Investigating the Appropriate/Inappropriate Landing Theory in pumpkin production

Project Overview

Project Type: Farmer/Rancher
Funds awarded in 2021: $2,995.00
Projected End Date: 01/31/2023
Grant Recipient: Healthy Hills Farm
Region: North Central
State: Ohio
Project Coordinator:
Branden Schmurr
Healthy Hills Farm

Information Products


  • Vegetables: Pumpkin and Squash


  • Pest Management: integrated pest management

    Proposal summary:

    Controlling pest damage in vegetable production has long been a challenge for farmers and gardeners in all areas, especially in organic and sustainable agriculture systems.  Use of chemicals, even organic options, have real disadvantages for the producer and the customer.

    Studies have shown that having diversity when planting can lessen pest damage, but the exact reasons why have been not well understood. The Appropriate/Inappropriate Landing theory (Finch, Collier) says that pests follow a three-step process when selecting a host plant:  Traveling to an area with the host plant via specific odors, using visual stimuli to land on a green surface, and making a few short flights to neighboring leaves.  To be successful, the insect must make consecutive "appropriate" landings on a host plant to stimulate egg laying, non-host "inappropriate" landings resets the egg laying process.
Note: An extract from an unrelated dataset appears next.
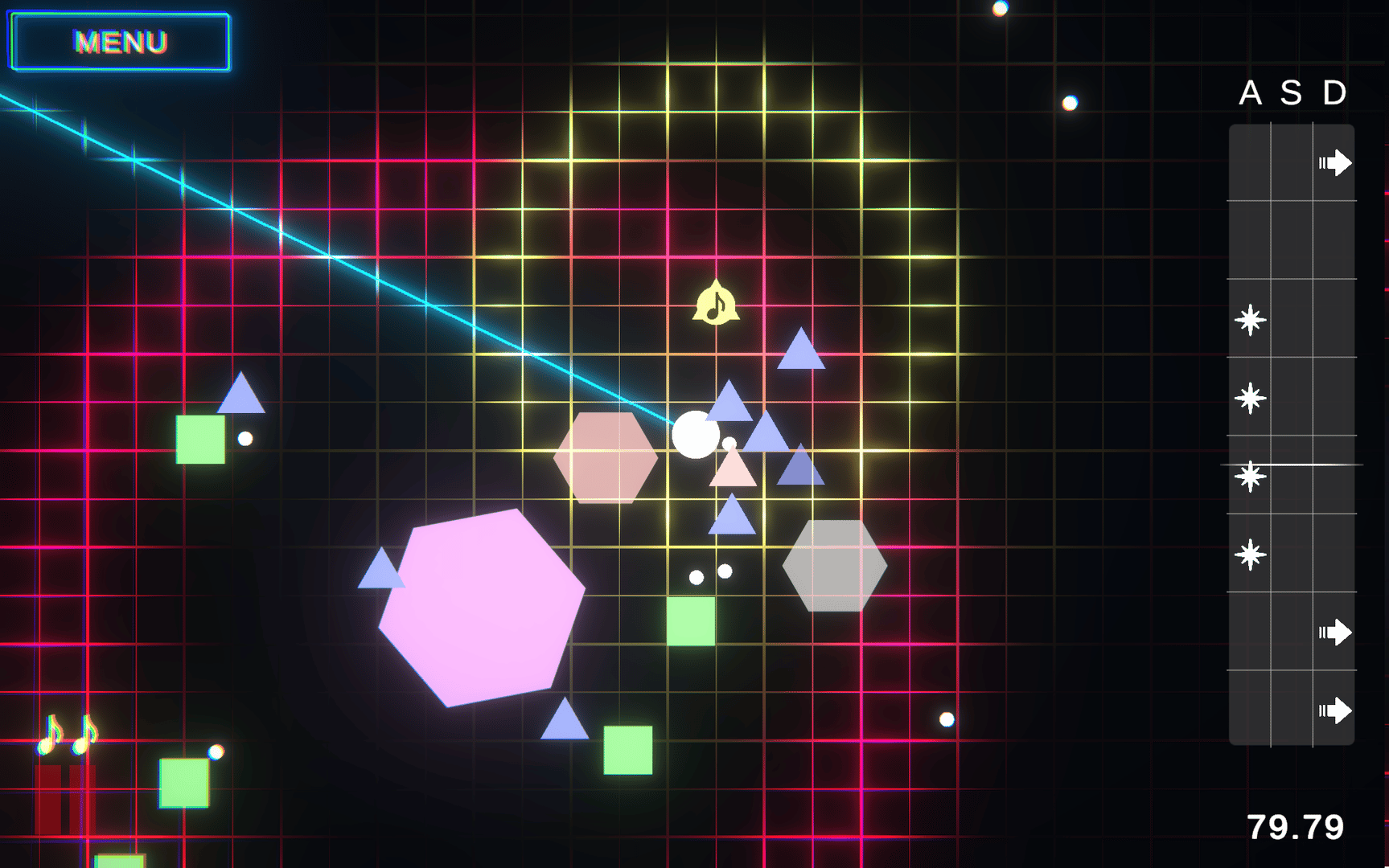 Defeat your geometric foes by placing attack, move, and shield elements in a rhythmic sequence to catchy music loops.

    We are proposing that this theory provides a sustainable way to lessen the damage made by pest insects, without the use of chemical insecticides.  We would investigate the various companion planting options for pumpkins to provide sustainable options that would be low-cost, lessen labor inputs and effective against extensive pest pressure.

    Project objectives from proposal:

    1. Interplant 5 different companion planting options for pumpkins, including an artificial greenery option, over bare soil to evaluate pest damage and pressure.
    2. Compare companion plantings to artificial greenery to evaluate effectiveness of Appropriate/Inappropriate Landing theory in pumpkin production.
    3. Identify most and least effective options for insect pest damage control of companion planting options.
    4. Present research at annual OEFFA conference, information session, and website.
    Any opinions, findings, conclusions, or recommendations expressed in this publication are those of the author(s) and do not necessarily reflect the view of the U.S. Department of Agriculture or SARE.